After giving logged out users access to pretty much everything*

We had some heated debates a while ago about what would happen if we opened up all of Khan Academy’s content for logged out users. Sal’s videos have always been open in this way, of course, but all the interactive exercises and statistical tracking and badges and stuff required an account.

It felt like the right move when we reconfirmed our belief that educational content should be as open and available as possible. We were also persuaded by Fred Wilson’s belief that giving logged out users more power is an effective way to empower your community. But we worried that registrations would drop, because by handing our 250+ exercises to logged out users, we’d be drastically shrinking the carrot on the other side of the “please login!” boundary.

We decided to go for it this summer. Figured I’d share some results.


A dog

4+ months after the change, we know a little more. Jace looked at the data and found:

  • Registration rate hasn’t changed. Bit of a surprise for both sides of the debate.
  • Percentage of our visitors who try an exercise problem increased by (relative) 10-15%.

So more visitors are trying exercises, but they’re not converting into more registered users…yet. We could have fun making up all sorts of explanations. Maybe we need to show off the badges and points unregistered users are accumulating a little bit more, maybe we’re not asking visitors to login forcefully enough, maybe doing math exercises makes people tired, maybe we don’t have enough pictures of golden retrievers on the login page.

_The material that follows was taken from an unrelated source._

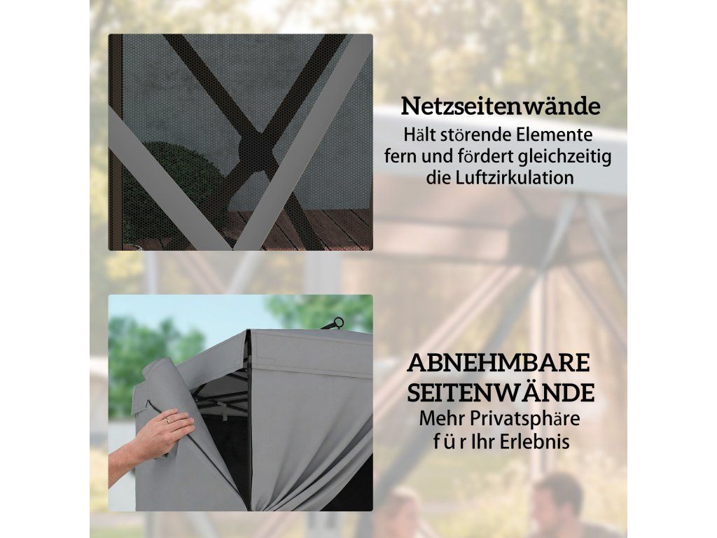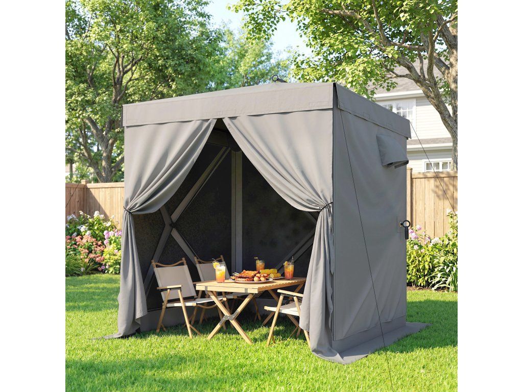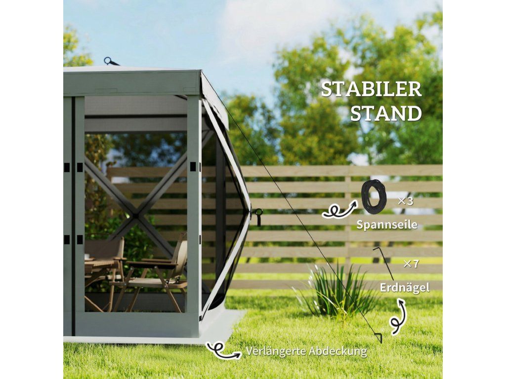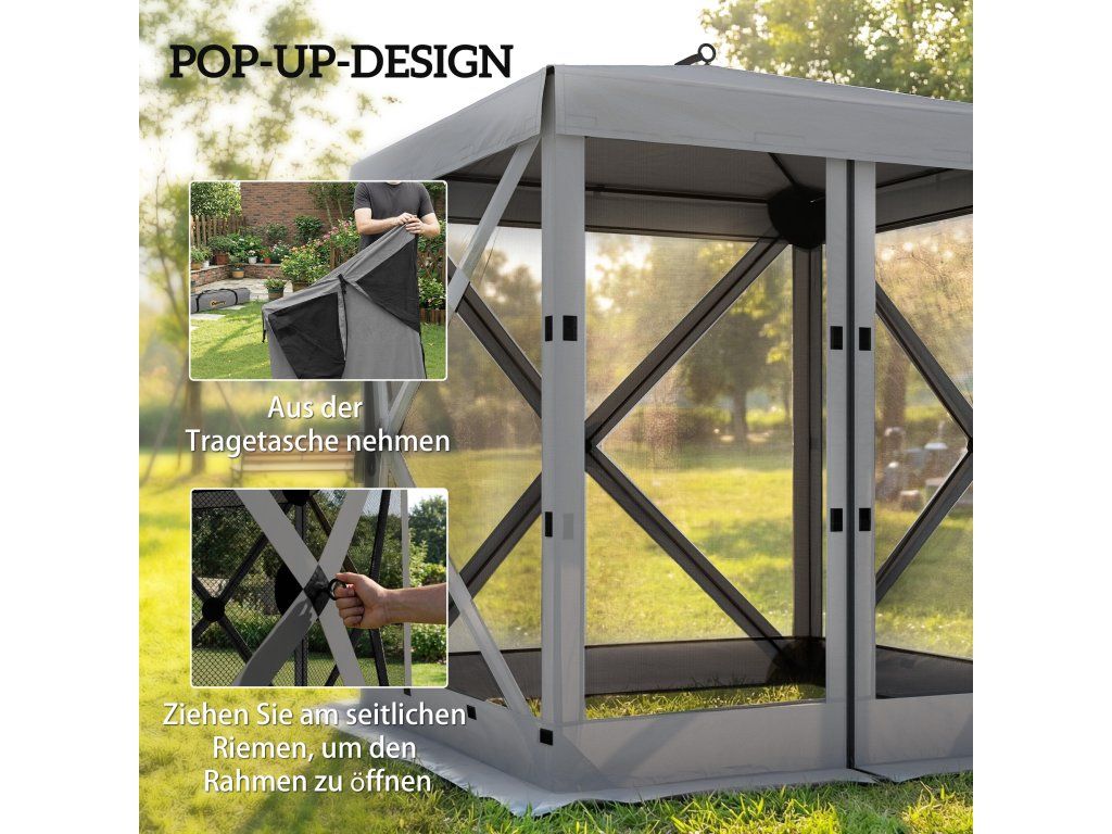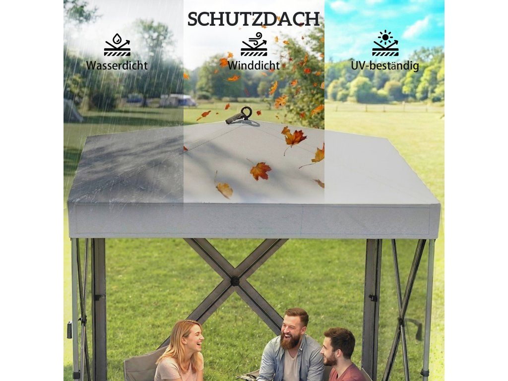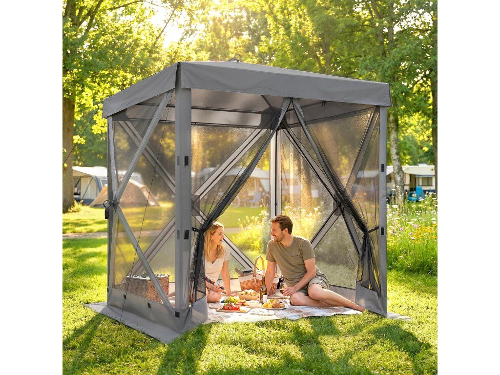 Objevte svobodu venku se zahradním altánem [NÁZEV ZNAČKY]! Tento kempinkový altán lze rychle postavit a díky vodotěsnému a UV30+ odolnému krytu poskytuje okamžitý přístřešek. Je vybaven čtyřmi bočními stěnami ze síťoviny a představuje skvělý zahradní přístřešek, který zajišťuje větrání a zabraňuje vstupu nežádoucích hostů. Ať už kempujete nebo jste na zahradě, tento venkovní altán nabízí pohodlí a soukromí.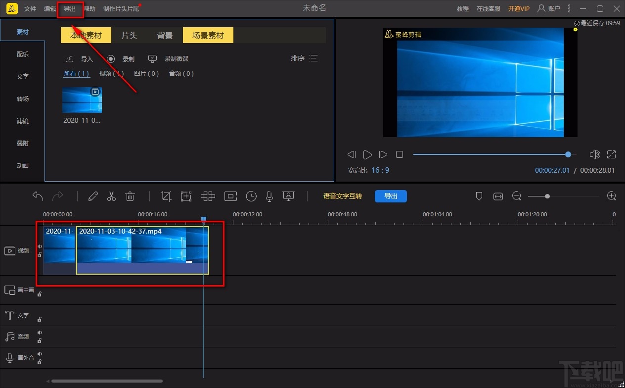 5.完成上一步后,我们就成功分割视频了,如下图所示;这时候选中需要的视频片段,再点击界面左上方的“导出”按钮即可。

Percentage of all visitors who use our exercises

Far more important than any random explanation is the fact that we’re now getting X% more data about how users learn (or don’t learn) thanks to these new exercise visitors. That data is powering some of the best work coming out of Khan Academy so far, so feeding more logged out users into our exercises is, as Jace puts it, a big win on data collection.

Plus, we’re confident that we could iterate and A/B test our way to higher registration rates for our new exercise users. It’s not our priority (for this week, at least). We’re busy cooking up important changes to the core learning experience.

*They don’t have access to everything. The ability to coach and communicate with other users is still restricted to users who have logged in.